▶ _Records provided_:
.....

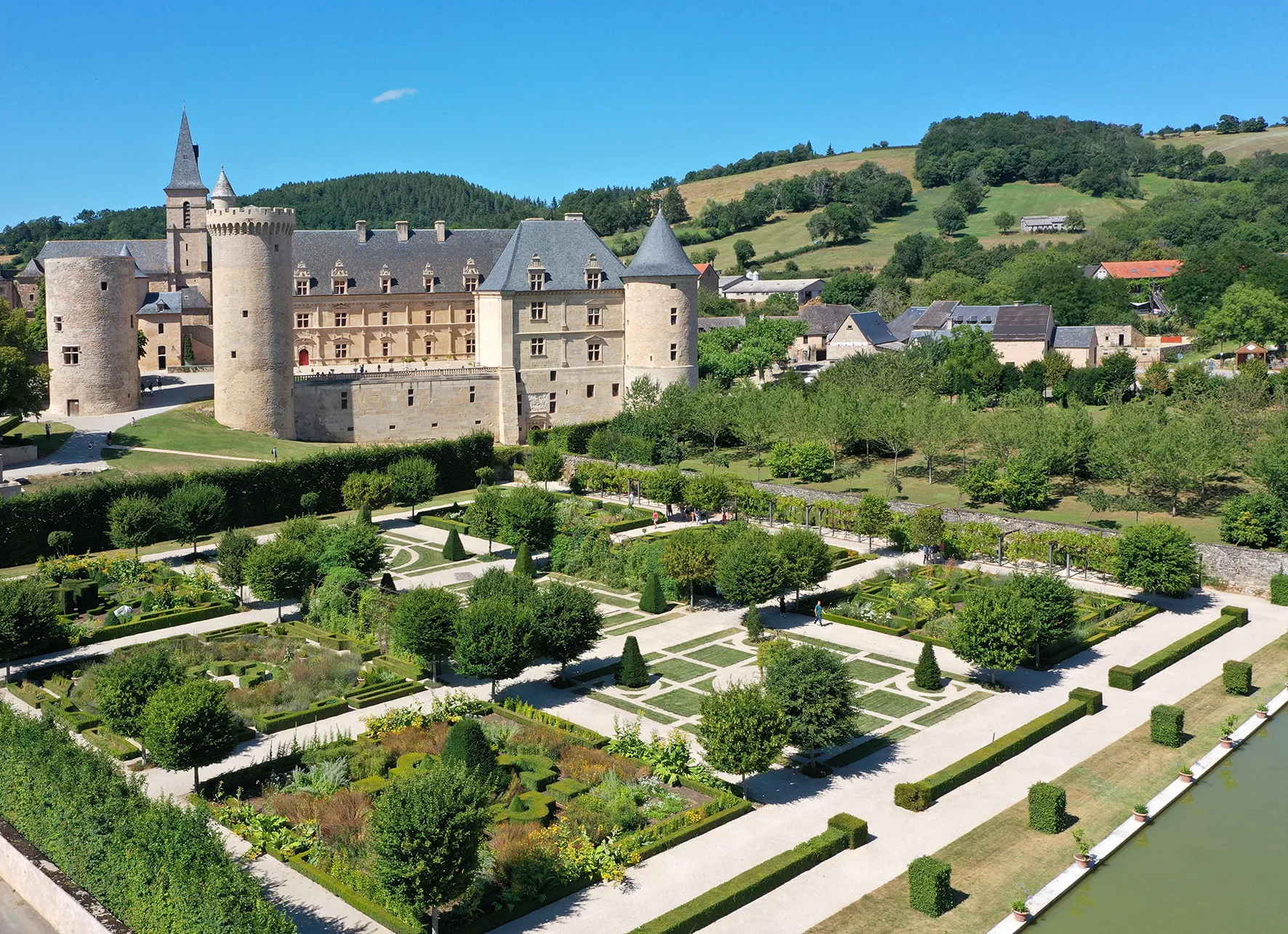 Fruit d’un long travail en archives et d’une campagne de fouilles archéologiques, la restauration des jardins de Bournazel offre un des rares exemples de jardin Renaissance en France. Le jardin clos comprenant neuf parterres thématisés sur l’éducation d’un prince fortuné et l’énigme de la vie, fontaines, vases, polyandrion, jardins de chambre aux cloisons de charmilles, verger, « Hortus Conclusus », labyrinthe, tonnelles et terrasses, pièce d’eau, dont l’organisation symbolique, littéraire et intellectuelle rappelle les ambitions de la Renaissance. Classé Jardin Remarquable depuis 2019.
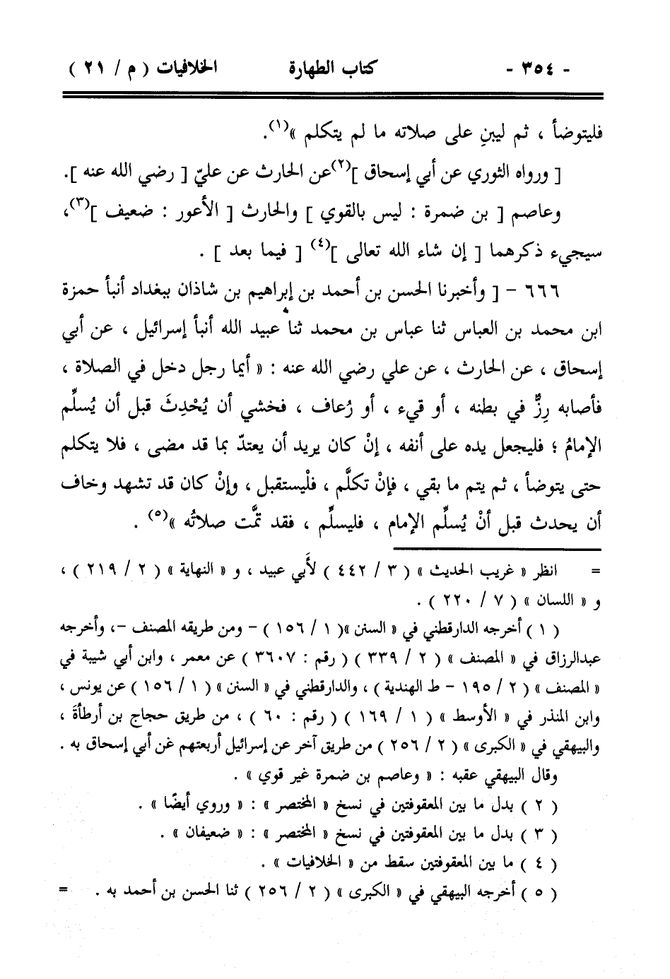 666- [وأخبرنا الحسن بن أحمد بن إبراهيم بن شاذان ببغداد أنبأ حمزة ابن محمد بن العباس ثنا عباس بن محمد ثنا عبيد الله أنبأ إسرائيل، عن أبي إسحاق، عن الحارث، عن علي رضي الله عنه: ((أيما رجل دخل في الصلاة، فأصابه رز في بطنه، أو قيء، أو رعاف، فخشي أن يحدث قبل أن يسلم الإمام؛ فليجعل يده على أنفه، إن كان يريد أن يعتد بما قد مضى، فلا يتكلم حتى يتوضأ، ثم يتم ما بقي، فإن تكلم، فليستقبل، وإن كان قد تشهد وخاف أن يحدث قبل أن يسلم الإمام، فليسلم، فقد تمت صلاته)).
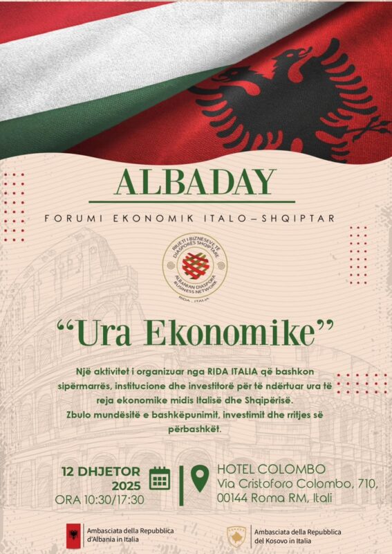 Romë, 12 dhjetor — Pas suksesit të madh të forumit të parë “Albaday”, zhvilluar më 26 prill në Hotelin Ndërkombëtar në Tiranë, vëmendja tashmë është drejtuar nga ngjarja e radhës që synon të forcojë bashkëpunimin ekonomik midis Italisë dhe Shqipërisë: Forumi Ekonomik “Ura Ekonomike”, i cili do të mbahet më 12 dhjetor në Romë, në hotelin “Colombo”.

.....

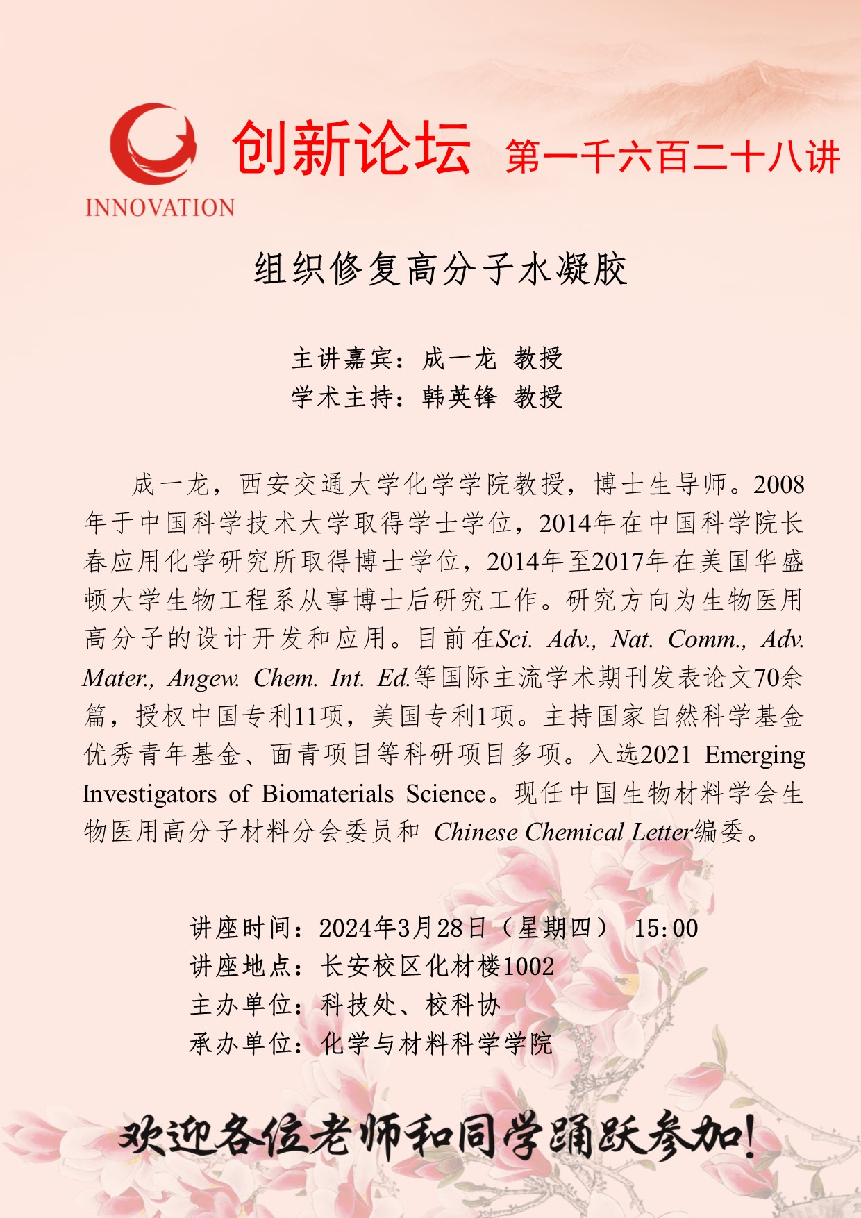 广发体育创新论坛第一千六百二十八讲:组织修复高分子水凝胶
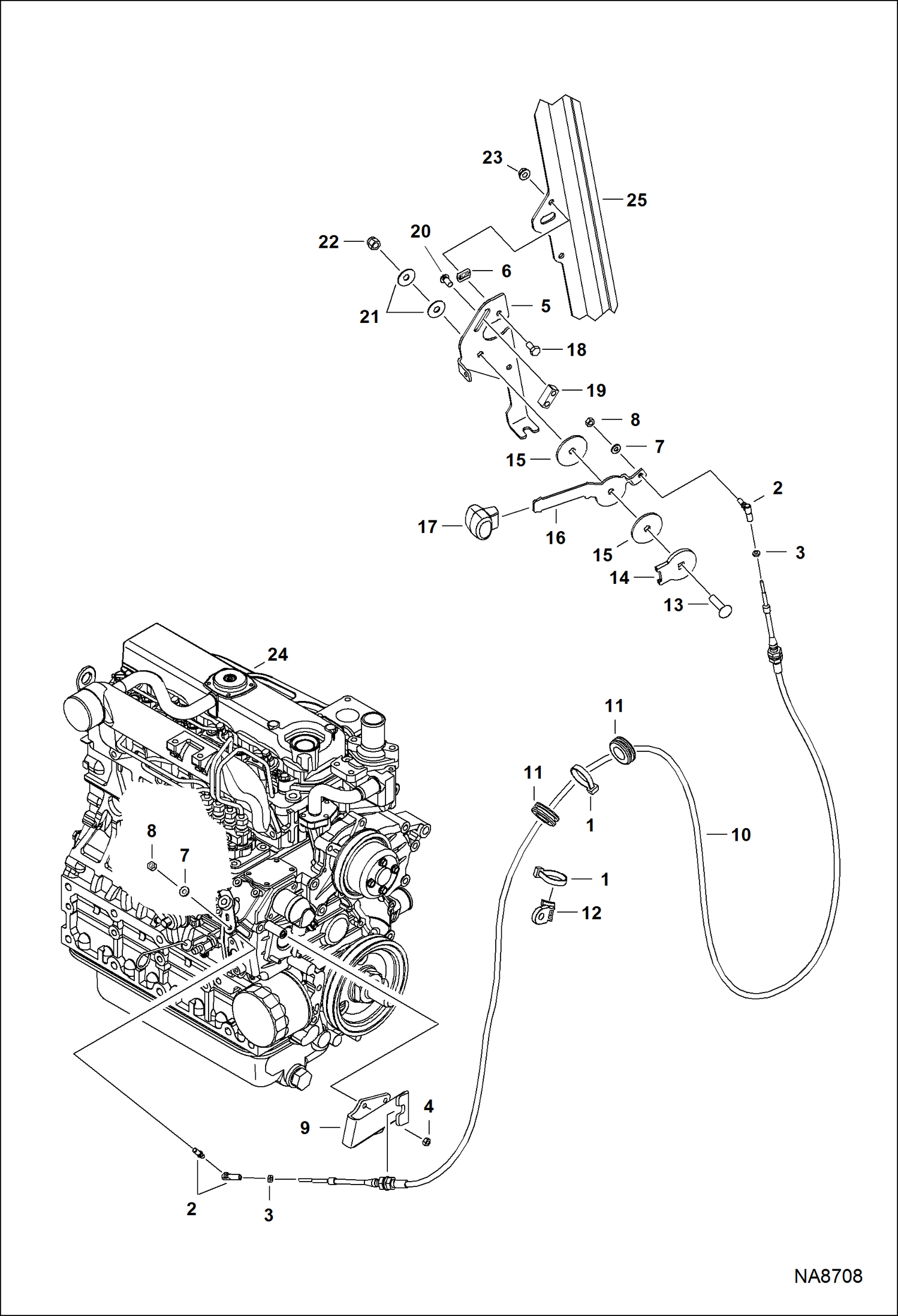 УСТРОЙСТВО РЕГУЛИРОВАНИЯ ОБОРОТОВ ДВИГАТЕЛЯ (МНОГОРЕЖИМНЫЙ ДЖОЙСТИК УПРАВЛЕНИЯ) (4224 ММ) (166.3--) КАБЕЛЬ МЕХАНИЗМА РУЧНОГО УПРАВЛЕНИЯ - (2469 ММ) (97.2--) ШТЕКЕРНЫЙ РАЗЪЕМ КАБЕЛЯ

.....

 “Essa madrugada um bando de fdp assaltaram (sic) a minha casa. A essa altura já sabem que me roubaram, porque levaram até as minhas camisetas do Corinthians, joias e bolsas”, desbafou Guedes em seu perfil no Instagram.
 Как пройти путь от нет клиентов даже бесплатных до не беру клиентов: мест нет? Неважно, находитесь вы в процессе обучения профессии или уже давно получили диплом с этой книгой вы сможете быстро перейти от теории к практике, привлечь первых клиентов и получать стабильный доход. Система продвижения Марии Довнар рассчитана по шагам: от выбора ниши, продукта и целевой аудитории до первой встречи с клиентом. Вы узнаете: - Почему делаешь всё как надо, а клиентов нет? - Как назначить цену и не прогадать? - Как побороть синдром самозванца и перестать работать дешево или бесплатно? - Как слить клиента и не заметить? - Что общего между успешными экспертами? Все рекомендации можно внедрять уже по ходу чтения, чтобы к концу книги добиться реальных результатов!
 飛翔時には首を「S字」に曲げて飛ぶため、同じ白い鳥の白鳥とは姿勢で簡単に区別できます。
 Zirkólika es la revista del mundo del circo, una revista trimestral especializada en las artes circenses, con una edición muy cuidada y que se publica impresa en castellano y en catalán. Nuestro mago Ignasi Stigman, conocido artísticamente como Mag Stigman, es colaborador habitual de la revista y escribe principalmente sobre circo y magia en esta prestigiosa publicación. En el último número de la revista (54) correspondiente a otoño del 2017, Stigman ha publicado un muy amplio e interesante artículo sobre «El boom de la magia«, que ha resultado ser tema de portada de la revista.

.....

▶ _What you have to do_:
Above are the records; copy from them only the lines starting at the one containing "广发体育创新论坛第一千六百二十八讲:组织修复高分子水凝胶" and ending at the one containing "УСТРОЙСТВО РЕГУЛИРОВАНИЯ ОБОРОТОВ", exactly and without pictures.

▶ _Exercise answer_:
 广发体育创新论坛第一千六百二十八讲:组织修复高分子水凝胶
 УСТРОЙСТВО РЕГУЛИРОВАНИЯ ОБОРОТОВ ДВИГАТЕЛЯ (МНОГОРЕЖИМНЫЙ ДЖОЙСТИК УПРАВЛЕНИЯ) (4224 ММ) (166.3--) КАБЕЛЬ МЕХАНИЗМА РУЧНОГО УПРАВЛЕНИЯ - (2469 ММ) (97.2--) ШТЕКЕРНЫЙ РАЗЪЕМ КАБЕЛЯ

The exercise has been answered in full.